▶ AVAILABLE DATA:
● ● ●

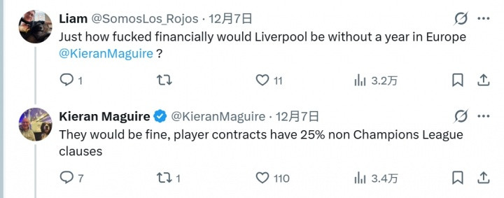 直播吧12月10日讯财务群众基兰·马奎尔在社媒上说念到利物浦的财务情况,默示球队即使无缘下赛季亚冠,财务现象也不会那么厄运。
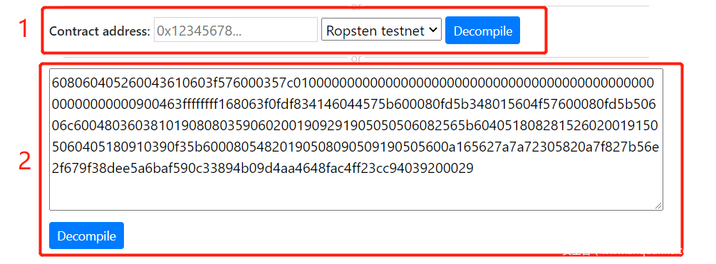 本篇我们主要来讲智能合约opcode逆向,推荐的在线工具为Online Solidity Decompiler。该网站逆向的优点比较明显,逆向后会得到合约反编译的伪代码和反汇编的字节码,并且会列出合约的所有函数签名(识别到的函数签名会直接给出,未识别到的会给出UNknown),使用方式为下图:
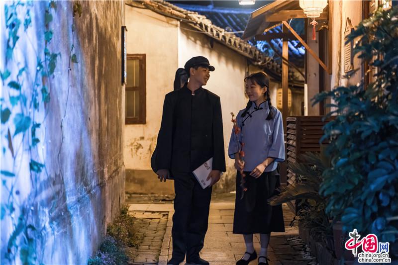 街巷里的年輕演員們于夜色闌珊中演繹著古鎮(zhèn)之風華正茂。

● ● ●

▶ WHAT THE TASK ASKS:
Whenever a picture appears in the listing, leave it out; copy everything else exactly.

▶ OUTPUT FOR THIS EXERCISE:
 直播吧12月10日讯财务群众基兰·马奎尔在社媒上说念到利物浦的财务情况,默示球队即使无缘下赛季亚冠,财务现象也不会那么厄运。
 本篇我们主要来讲智能合约opcode逆向,推荐的在线工具为Online Solidity Decompiler。该网站逆向的优点比较明显,逆向后会得到合约反编译的伪代码和反汇编的字节码,并且会列出合约的所有函数签名(识别到的函数签名会直接给出,未识别到的会给出UNknown),使用方式为下图:
 街巷里的年輕演員們于夜色闌珊中演繹著古鎮(zhèn)之風華正茂。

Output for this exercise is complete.